Unboxing: Google Nexus 7

First impressions.

By Chris Jager on Jul 23, 2012
1 of 16
The Google Nexus 7 is the first Nexus-branded tablet and marks the debut of Google's latest OS; Android 4.1 (AKA Jelly Bean). Click through to read our first impressions.
Google and Asus have plumped for a colourful box design with a dark grey background -- a refreshing change from the recent onslaught of 'minimalist' white packaging.
The box contents are pretty bare-bones: you get a power/USB cable and a small instruction leaflet. Tablet necessities such as headphones, a cleaning cloth and a carry pouch need to be purchased separately.
Key specifications include a 7in high-def LED display, quad-core Tegra 3 processor, 1GB of DDR3 RAM, a choice between 8GB and 16GB of internal storage and the aforementioned Jelly Bean operating system. It also boasts NFC capabilities (via Android Beam), an inbuilt GPS and a front-facing 1.2 MP camera.
The Google Nexus 7 comes with inbuilt wifi and Bluetooth 4.0. Battery life is rated at up to eight hours. Like most tablets, the battery cannot be removed or upgraded.
The Google Nexus 7 measures 198x120x10mm and weighs in at 340g, making it one of the more portable options on the market.
The Nexus 7 boasts a contoured, rubberised back designed for grip assistance. We found this particularly useful when holding the tablet in one hand.(It also gives the budget device an elegant, premium look.)
The Nexus 7's micro-USB port doubles as a power connector. Sadly, it does not support storage mounting, but can be used to connect USB accessories such as a keyboard and mouse.

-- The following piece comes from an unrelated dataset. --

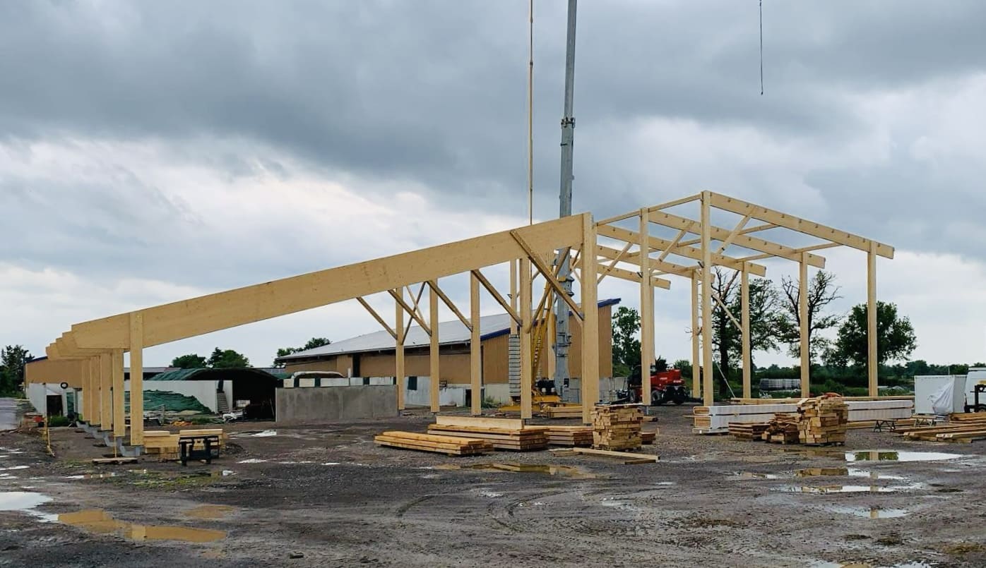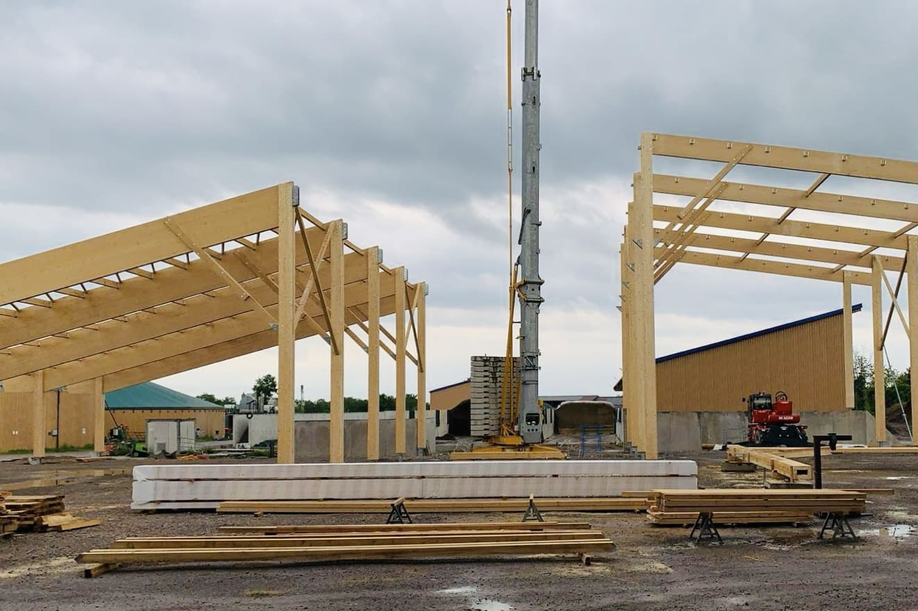 Hangar agricole, composé d’une structure 100% avec des portiques lamellé collé triangulés.

The only other port on the Nexus 7 is a 3.5mm headphone jack. We would have liked to have seen HDMI and Micro SD included, but their absence is acceptable for the asking price. That said, prolific downloaders will probably want to snap up the 16GB model for an extra $50 - the 8GB version fills up fast.
Like the rest of the Nexus family, the Google Nexus 7 keeps physical buttons to a minimum. With the exception of power and volume, all controls are relegated to the 7in touch screen.
We found the quality of the 1280x800 pixel display to be quite good, particularly when watching HD videos. It certainly isn't going to trouble the iPad's retina screen, but for the price it remains a winner.
The Google Nexus 7's home screen is fixed in portrait mode; no matter how you hold the device. This can take some getting used to if you're familiar with other tablets such as the Apple iPad.
The Nexus 7 ships with Google Chrome as its default browser.
Presumably to keep costs down, the Google Nexus 7 comes with a single 1.2MP front-facing camera.
The Nexus 7 does not come with a camera-launching app out of the box. You'll need to download this yourself from the Play Store.